Pandijkseveld, Oosterhesselen
Een bewoner van Oosterhesselen vertelde dat deze plek vroeger een moerasje was, waar hij elke zaterdag met zijn vader naar toe wandelde om er één houtsnip te schieten. De houtsnip ging mee naar huis en werd op maandag geleverd aan de poelier. Dat leverde een kleine extra bron van inkomsten. Zijn vader wist dat ze niet meer dan één houtsnip moesten schieten om zo deze vogelsoort op dit terrein te handhaven.
Inmiddels is het gebied een akkerland met op de centrale plek een bosje. Waarschijnlijk gaat het hier om een pingoruïne.
Een houtsnip is een unieke steltloper omdat hij leeft in het bos. Zijn camouflage is perfect. Ze broeden meestal in bossen van enkele tientallen hectares groot, maar hebben een voorkeur voor bos met open plekken. Op deze locatie is het omgekeerd: er is veel openheid, maar er ontstond in de loop van de tijd wel een bosje. Zijn voorkeur voor een plaatselijk natte bodem en een dikke humuslaag past ook goed; de pingoruïne is nat en heeft een veen bodem. Buiten de broedtijd komen ze ook in kleine bosjes, singels en dichte struwelen voor.

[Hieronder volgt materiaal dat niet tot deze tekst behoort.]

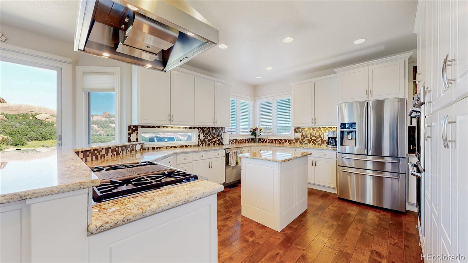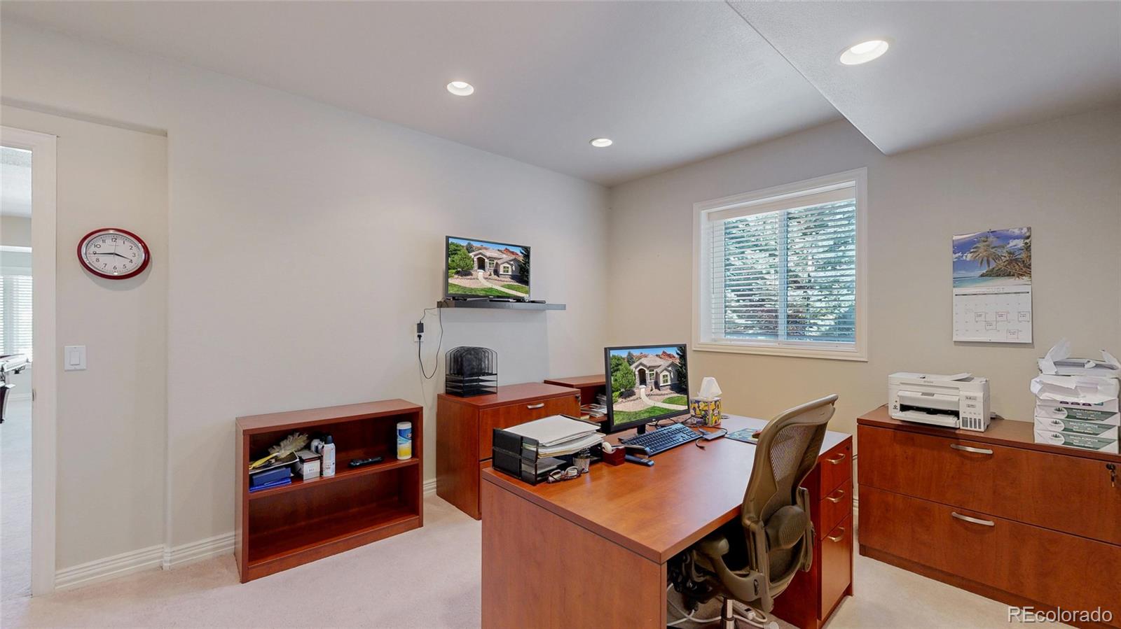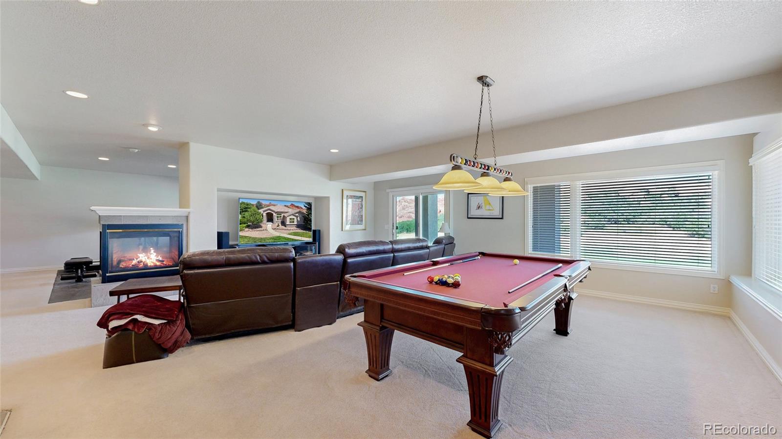 Located on the prestigious Arrowhead Golf Course, this stunning home offers breathtaking views! Step into the oversized great room featuring a cozy gas log fireplace, hand-scraped engineered hardwood floors, built-in shelving, and expansive windows that perfectly frame the scenic golf course and red rock vistas. The updated kitchen is a chefs dream, equipped with premium Thermador appliances, slab granite countertops, and a tile backsplash. Just off the kitchen, a new expanded composite deckpositioned on the east side of the homeoffers a peaceful evening retreat overlooking the fairway. Entertain in style in the formal dining room, which includes a built-in sideboard with a slab granite top and elegant glass-front cabinetry. The study is outfitted with custom built-in bookshelves and large windows that fill the space with natural light. The expansive primary suite is a true sanctuary, showcasing stunning views, gas fireplace, dual walk-in closets, and a newly remodeled spa-like bathroom complete with a freestanding tub, frameless glass shower, and a heated towel bar. A newly updated guest bathroom with a quartz-topped vanity serves the main floor, along with a secondary bedroom located on the opposite side of the homeperfect for privacyfeaturing its own brand-new bath. The spacious main floor laundry room includes built-in cabinetry, a utility sink, and washer/dryer. Downstairs, the walkout level is designed for entertaining. The family/recreation room features a fully equipped wet bar with a large wine refrigerator, granite countertops, tile backsplash, and even includes the pool table and theater seating! A secondary bedroom on this level offers a great option for a home office, while a large workout/flex space provides endless possibilities. Two additional bedrooms share a beautifully remodeled full bath. There is a flagstone patio with a dry under system for those rainy days. The oversized 3-car garage provides ample space for vehicles, gear, and toys.

Iemand anders vertelde iemand dat uit deze mogelijke pingoruïne, en mogelijk andere pingoruïnes hier in de buurt, in de vijftiger jaren veenmos werd geoogst. Dit werd vervolgens per schip via de Hoogeveense Vaart afgevoerd naar kwekerijen in het westen. Het veenmos werd gebruikt als “oasis” om planten en bloemen in te steken in bloemstukken.